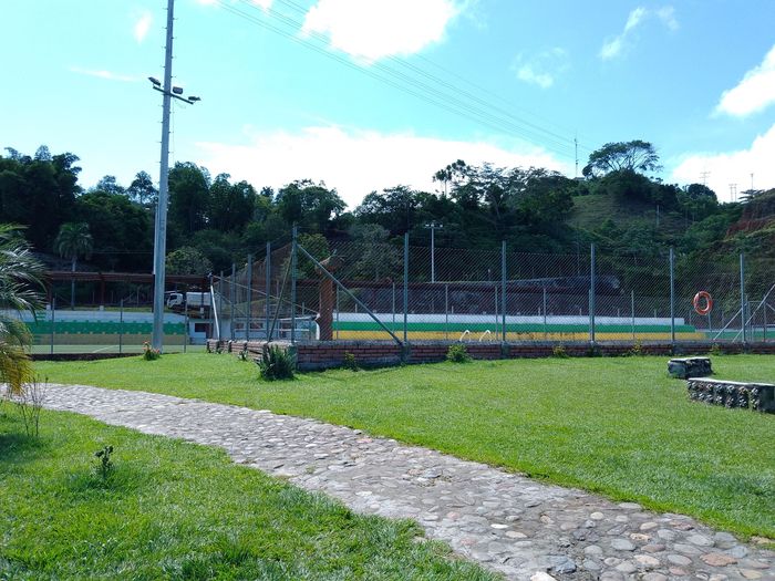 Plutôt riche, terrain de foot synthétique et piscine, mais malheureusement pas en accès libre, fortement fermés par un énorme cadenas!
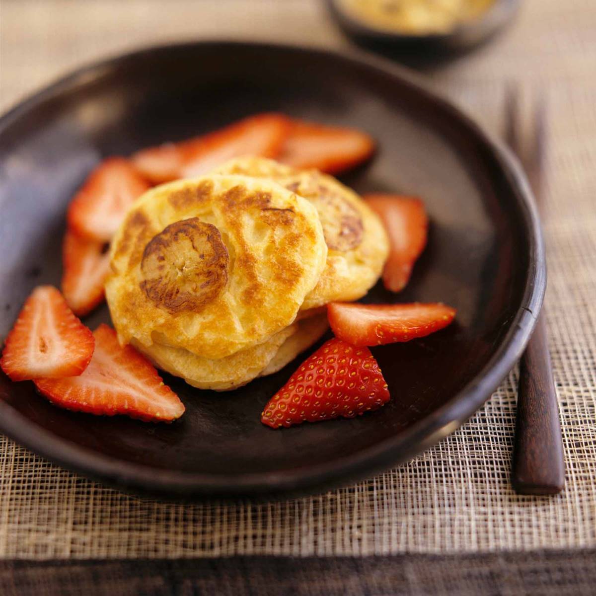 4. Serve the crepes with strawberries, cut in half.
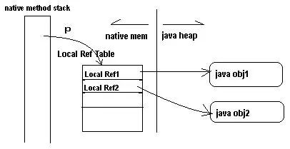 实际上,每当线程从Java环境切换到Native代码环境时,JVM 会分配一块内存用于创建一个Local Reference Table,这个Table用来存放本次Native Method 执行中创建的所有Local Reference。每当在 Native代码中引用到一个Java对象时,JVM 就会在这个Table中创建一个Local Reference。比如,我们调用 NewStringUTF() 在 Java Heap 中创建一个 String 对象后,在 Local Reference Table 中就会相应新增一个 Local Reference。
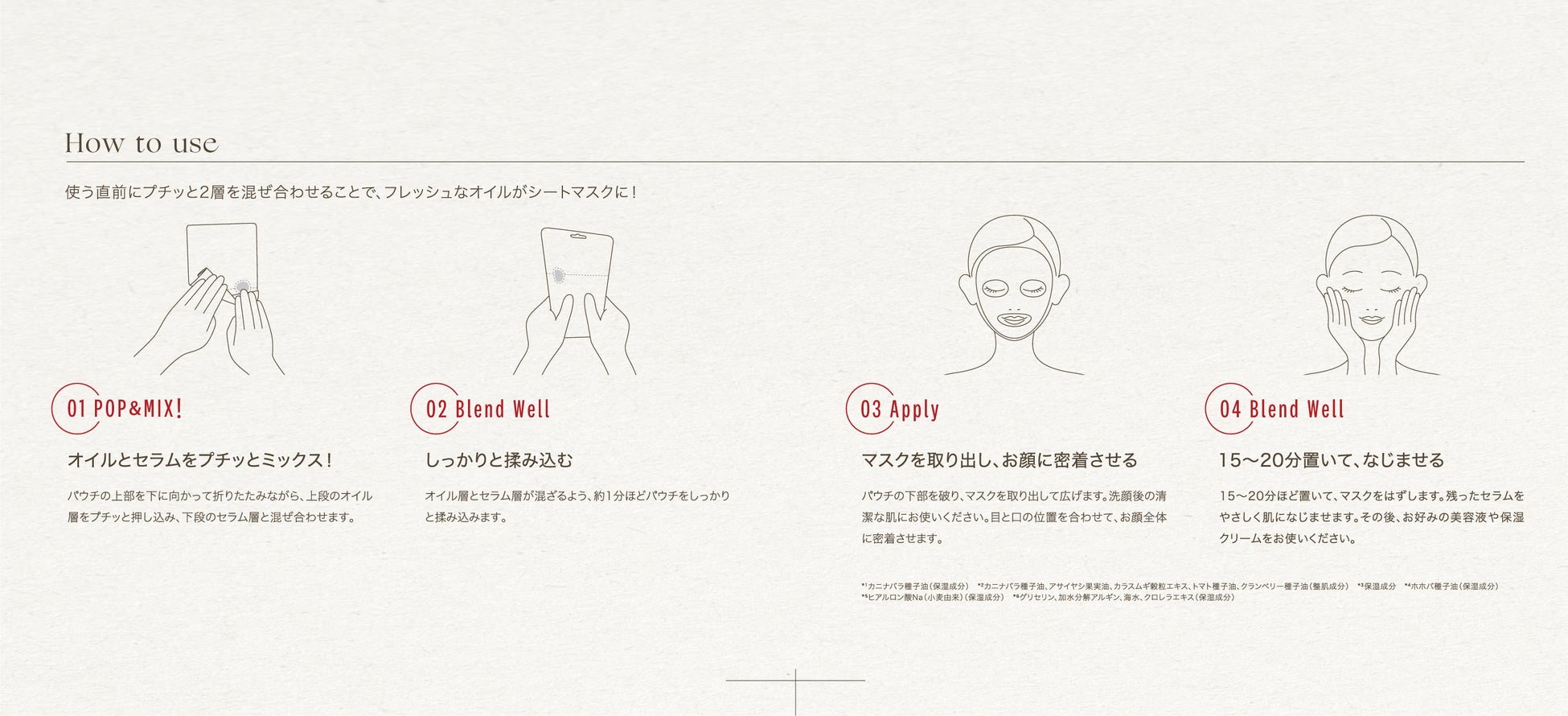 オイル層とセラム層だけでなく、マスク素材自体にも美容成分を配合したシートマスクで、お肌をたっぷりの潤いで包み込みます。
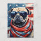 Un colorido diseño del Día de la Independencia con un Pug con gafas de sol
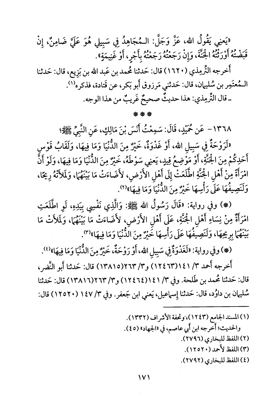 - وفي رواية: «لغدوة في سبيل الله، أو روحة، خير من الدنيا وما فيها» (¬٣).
+++
> _What you are asked to do_
Could you set down exactly, and only, the lines from the line containing "Un colorido diseño" through the last line of the records, both included, without the pictures?

> _Answer_
 Un colorido diseño del Día de la Independencia con un Pug con gafas de sol
 - وفي رواية: «لغدوة في سبيل الله، أو روحة، خير من الدنيا وما فيها» (¬٣).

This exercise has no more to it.